Recipe 8: Pesto Tortellini with Roasted Vegetables

Ingredients:

  • 1 package of cheese tortellini
  • 2 cups mixed vegetables (bell peppers, zucchini, cherry tomatoes, etc.)
  • 2 tablespoons pesto sauce
  • 2 tablespoons grated Parmesan cheese
  • Salt and pepper to taste

Instructions:

  1. Preheat the oven to 400°F (200°C).
  2. Cook the cheese tortellini according to the package instructions. Drain and set aside.
  3. Toss the mixed vegetables with olive oil, salt, and pepper on a baking sheet.
  4. Roast the vegetables in the preheated oven for 15-20 minutes or until tender.
  5. In a large bowl, combine cooked tortellini, roasted vegetables, pesto sauce, and grated Parmesan cheese.
  6. Toss until the tortellini and vegetables are well coated.
  7. Serve the pesto tortellini with roasted vegetables as a flavorful and filling dinner option.

Recipe 9: Mexican Stuffed Sweet Potatoes

Ingredients:

  • 4 medium-sized sweet potatoes
  • 1 cup cooked black beans
  • 1 cup corn kernels
  • 1/2 cup diced tomatoes
  • 1/4 cup chopped cilantro
  • 1/4 cup diced red onions
  • 1/4 cup shredded cheddar cheese
  • 1/4 cup sour cream (optional)
  • Salt and pepper to taste

Instructions:

  1. Preheat the oven to 400°F (200°C).
  2. Pierce the sweet potatoes with a fork a few times and place them on a baking sheet.
  3. Bake the sweet potatoes in the preheated oven for 45-60 minutes or until tender.
  4. In a bowl, combine cooked black beans, corn kernels, diced tomatoes, chopped cilantro, and diced red onions.
  5. Cut open the baked sweet potatoes lengthwise and fluff the insides with a fork.
  6. Spoon the black bean and corn mixture onto the sweet potatoes.
  7. Top with shredded cheddar cheese and sour cream, if desired.
  8. Season with salt and pepper to taste.
  9. Serve the Mexican stuffed sweet potatoes as a hearty and nutritious dinner.

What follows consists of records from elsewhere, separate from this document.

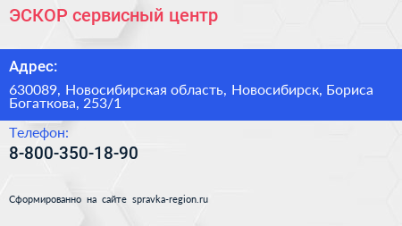 ЭСКОР, сервисный центр по адресу 630089, Новосибирская область, Новосибирск, Бориса Богаткова, 253/1 в дальнейшем Организация, размещена в следующих категориях:
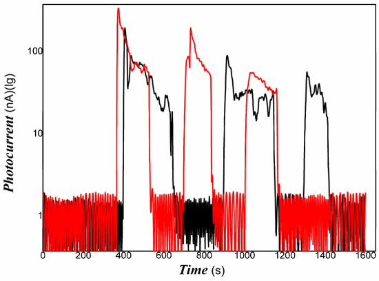 Photo-responses of nanocomposite to visible light and NIR. The Pt/PVDF solution was cast on the inter-digital electrodes of Au on a flexible PET (polyethylene terephthalate) substrate. After drying, the photo-conductive responses of Pt/PVDF solid film (without any electrolyte) to weak visible light (20–25 W) and 808 nm NIR with low power were carried out to record electrical conductivity changes with or without illumination using LK2000A Electrochemical Work Station from LANLIKE Chemistry and Electron High Technology Co., Ltd. (Tianjin, China) applied 1 V DC bias. The structure of the electrodes is similar to that of the reference [86].
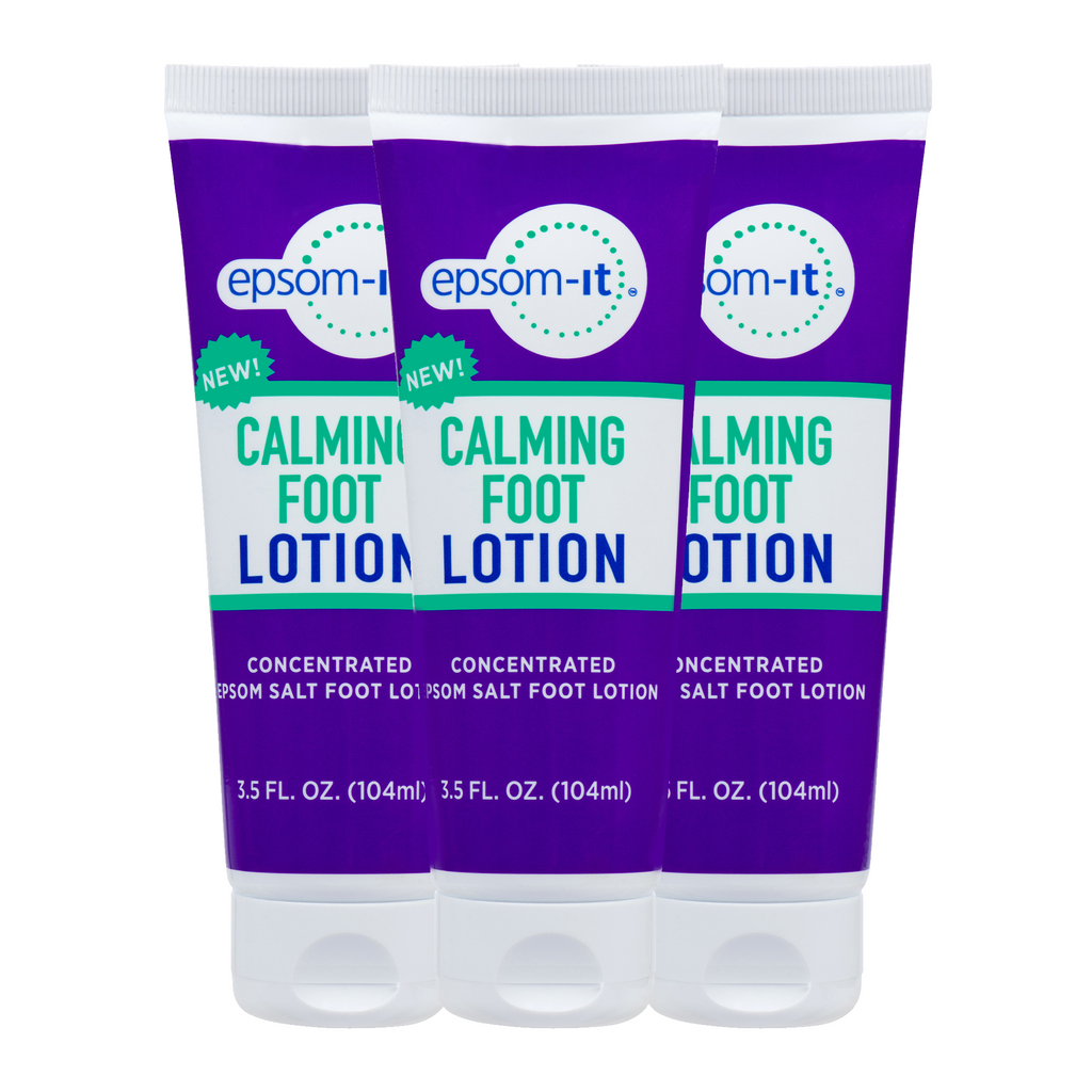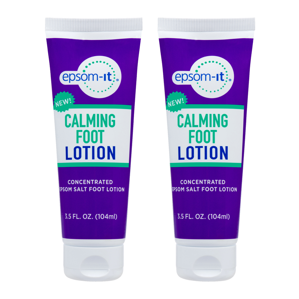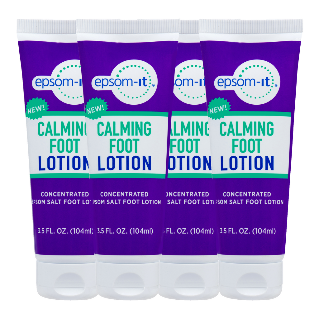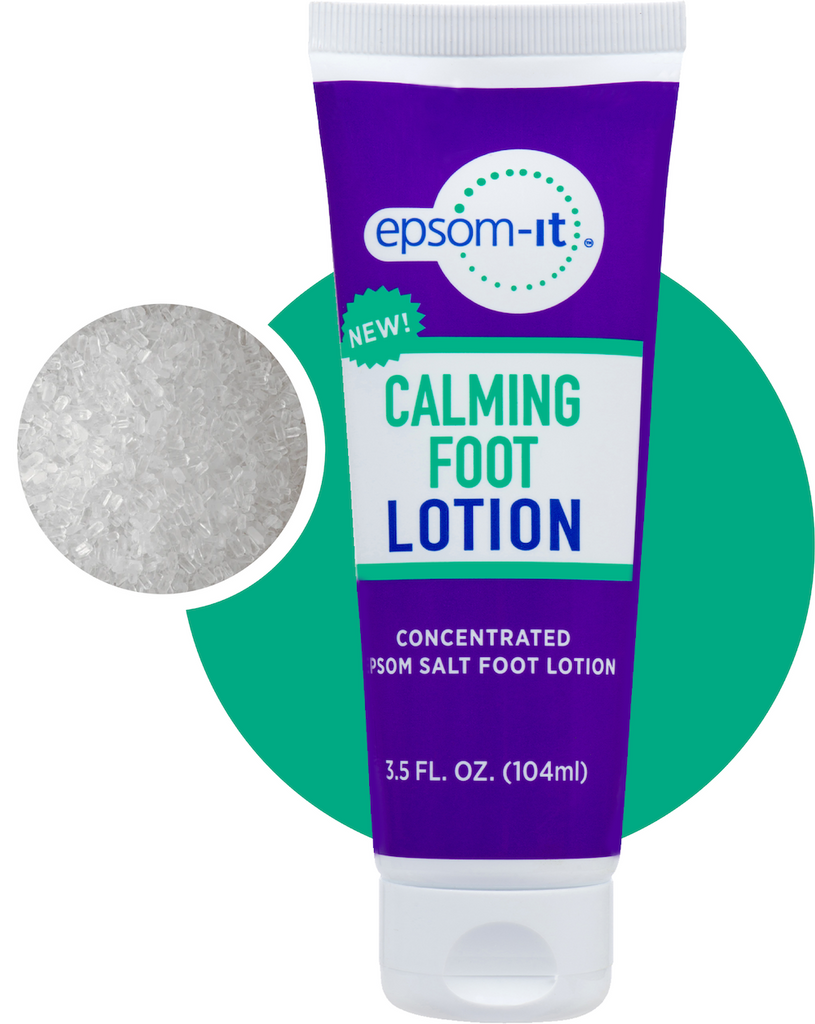 Skip the foot soak and enjoy the benefits of Epsom Salt in a foot lotion! Epsom-It Calming Foot Lotion is 30x more potent than a traditional Epsom Salt foot soak with a 20% concentration of 100% pure USP Grade Magnesium Sulfate. Fortified with natural Urea, this topical Magnesium Sulfate lotion penetrates deep below the skin offering support for tired and sore feet, ankles, leg cramps, and restless legs after a long day of standing or intense workouts. Apply as needed to support your tired, achy feet.
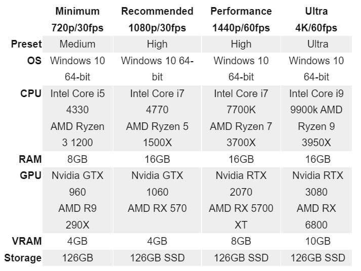 Σύμφωνα με τις απαιτήσεις αυτές λοιπόν, οι χρήστες PC θα χρειαστούν μια NVIDIA GTX960 ή μια AMD R9 290X για να το «τρέξουν» στα 720p σε ρυθμίσεις Medium με 30fps. Σε ανάλυση 1080p και 30fps, θα χρειαστεί μία NVIDIA GTX 1060 ή AMD RX 570. Για παιχνίδι σε ανάλυση1440p και 60 fps, συνιστάται η χρήση μιας NVIDIA RTX 2070 ή AMD RX 5700XT ενώ όσον αφορά ανάλυση και απόδοση 4K/Ultra/60fps, θα χρειαστούμε μια NVIDIA RTX3080 ή μια AMD RX 6800.
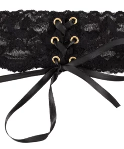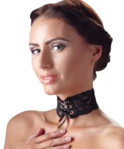 Elegancki naszyjnik marki Cottelli Accessories to połączenie delikatnej czarnej koronki z efektowną satynową tasiemką do wiązania. Model zaprojektowany został tak, by podkreślić szyję oraz nadać wyjątkowego charakteru zarowno codziennym, jak i wieczorowym kreacjom. Dzięki możliwości regulacji długości za pomocą sześciu metalowych oczek i satynowej tasiemki, naszyjnik można idealnie dopasować do indywidualnych potrzeb. Zapięcie może być noszone zarowno z przodu, jak i z tyłu, co pozwala na kreatywne komponowanie stylizacji.
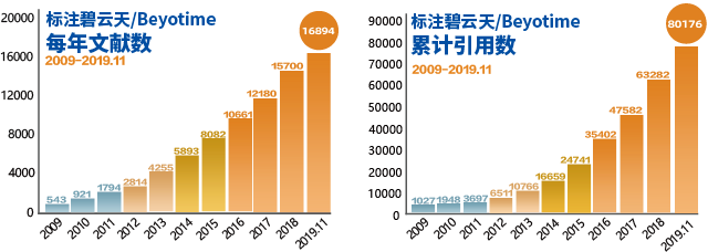 碧云天的所有员工为此感到欢欣和鼓舞,感到骄傲和自豪!标注使用碧云天产品的文献统计参见下图。

Recipe 10: Sheet Pan Sausage and Veggie Bake

Ingredients:

  • 1 pound smoked sausage, sliced
  • 2 cups baby potatoes, halved
  • 2 cups Brussels sprouts, halved
  • 2 cups butternut squash, cubed
  • 1 red bell pepper, sliced
  • 1 yellow bell pepper, sliced
  • 2 tablespoons olive oil
  • 1 teaspoon dried thyme
  • 1 teaspoon dried rosemary
  • Salt and pepper to taste

Instructions:

  1. Preheat the oven to 400°F (200°C).
  2. In a large mixing bowl, combine sliced smoked sausage, halved baby potatoes, halved Brussels sprouts, cubed butternut squash, sliced red bell pepper, and sliced yellow bell pepper.
  3. Drizzle olive oil over the mixture and sprinkle with dried thyme, dried rosemary, salt, and pepper.
  4. Toss until all the ingredients are well coated.
  5. Spread the sausage and veggie mixture onto a sheet pan in a single layer.
  6. Bake in the preheated oven for 25-30 minutes or until the vegetables are tender and slightly caramelized.
  7. Serve the sheet pan sausage and veggie bake as a flavorful and fuss-free dinner option.

Conclusion

With these 10 quick and easy dinner recipes, you can save time and effort while still enjoying delicious meals on busy weeknights. From one-pan lemon garlic chicken to sheet pan sausage and veggie bake, these recipes offer a variety of flavors and ingredients to satisfy your taste buds. So, say goodbye to kitchen stress and hello to enjoyable dinners with these simple and flavorful recipes.

FAQs

  1. Can I make substitutions in the recipes? Absolutely! Feel free to customize the recipes based on your preferences and dietary restrictions. You can substitute ingredients or adjust the seasonings to suit your taste.
  2. Are these recipes suitable for vegetarians? While some recipes include meat or seafood, there are vegetarian options as well. For example, you can try the Mediterranean quinoa salad or the pesto tortellini with roasted vegetables.
  3. Can I prepare these recipes in advance? Yes, you can do some prep work in advance, such as chopping vegetables or marinating the meat. This way, you can save time when it’s time to cook dinner.
  4. Are these recipes family-friendly? Absolutely! These recipes are designed to appeal to a wide range of tastes, making them suitable for the whole family. You can adjust the spice levels or simplify the ingredients to make them kid-friendly if needed.
  5. Where can I find the nutritional information for these recipes? Nutritional information may vary based on specific ingredients and portion sizes. It’s best to use online nutritional calculators or consult with a registered dietitian for accurate information.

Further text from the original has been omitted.